T.O. : « Des dossiers comme celui de l’immeuble du Shanghai, rue de la Pomme, traînent… Place Wilson, nous avons une enseigne de cosmétique qui devait s’implanter. Nous avions un accord. Elle attend finalement de voir comment les choses vont évoluer à la rentrée. Les baux que nous devions signer en mars le seront en septembre. Nous aurons perdu plusieurs mois ».

Selon une enquête de la CCI (Chambre de commerce et d’industrie) de Toulouse, menée du 19 au 25 mai 2020, 19% des commerces avaient déjà retrouvé un niveau quasi-normal de chiffre d’affaires et 48% avaient retrouvé la moitié de leur chiffre d’affaires habituel. Peut-on parler d’une reprise d’activité à Toulouse ? 

T.O. : « Très honnêtement, je ne retrouve pas cela du tout. Les grandes enseignes avec qui je travaille connaissent une baisse de chiffre d’affaires de 40 %. Il y a du monde dans les rues, mais les contraintes sanitaires dans les magasins sont importantes : vous avez la queue devant la porte, il faut mettre le masque, le nombre de personnes à l’intérieur est limité… Au Bibent, par exemple, nous subissons une baisse de chiffre d’affaires de 35 % ».

« Des commerces ne survivront pas à la crise »

Avez-vous des projets d’acquisition d’immeubles dans la Ville rose ?

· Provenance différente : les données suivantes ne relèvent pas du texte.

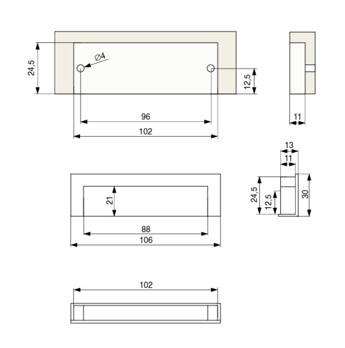 Neviditeľný dizajn: Úchytka sa zapúšťa priamo do nábytkového čela, čím eliminuje vyčnievajúce prvky a vytvára minimalistický a uhladený vzhľad. Ideálne pre moderné interiéry s dôrazom na čisté línie.
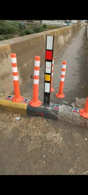 सोलर लाईट स्टड हे सौरऊर्जेचा वापर करून आपोआप चार्ज होऊन रात्रीच्या अंधारात चमकत राहतात. फ्लेक्सिबल स्प्रिंग पोस्ट बॅरियर हे वाहनचालकाचे लक्ष वेधून घेते व दिशा दर्शक सूचना देण्याचे काम करते.

T.O. : « Je suis aujourd’hui sur plusieurs dossiers, que j’espère pouvoir conclure assez vite. Je me suis intéressé à l’immeuble BNP Paribas de la rue d’Alsace-Lorraine. C’était très cher, et il y avait une incertitude liée aux élections municipales. Finalement, je ne me suis pas positionné. En dehors de toute considération politique, un changement d’équipe municipale n’est pas sans conséquence sur des dossiers lourds comme celui-ci. Je pense au Bibent qui a été une verrue sur la place du Capitole pendant deux ans. Il m’avait fallu douze mois rien que pour avoir le permis de construire. Concernant l’immeuble Flunch, allée Jean Jaurès, les propriétaires ne veulent a priori pas vendre. En revanche, nous avons le projet de résidence senior, environ 4500 m2, dans l’immeuble du Bazacle ».

La crise a accéléré l’essor du commerce en ligne. Croyez-vous toujours aux magasins physiques ?

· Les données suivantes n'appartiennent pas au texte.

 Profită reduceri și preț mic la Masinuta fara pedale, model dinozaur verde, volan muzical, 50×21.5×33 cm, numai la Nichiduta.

T.O. : « Je suis un grand fan du magasin en centre-ville ! Il y a un vrai marché. Regardez après deux mois de confinement, les gens avaient besoin de sortir, de pouvoir flâner dans les rues de Toulouse… Les rues sont bondées le samedi. Un remaniement au sein des commerces devrait se produire, avec la disparition de commerces qui ne survivront pas à la crise. D’autres vont émerger. En juin, j’ai vu une dizaine d’enseignes – que je ne connaissais pas pour la plupart – venir se renseigner, visiter et nous faire des propositions. Ces enseignes veulent être en cœur de ville ».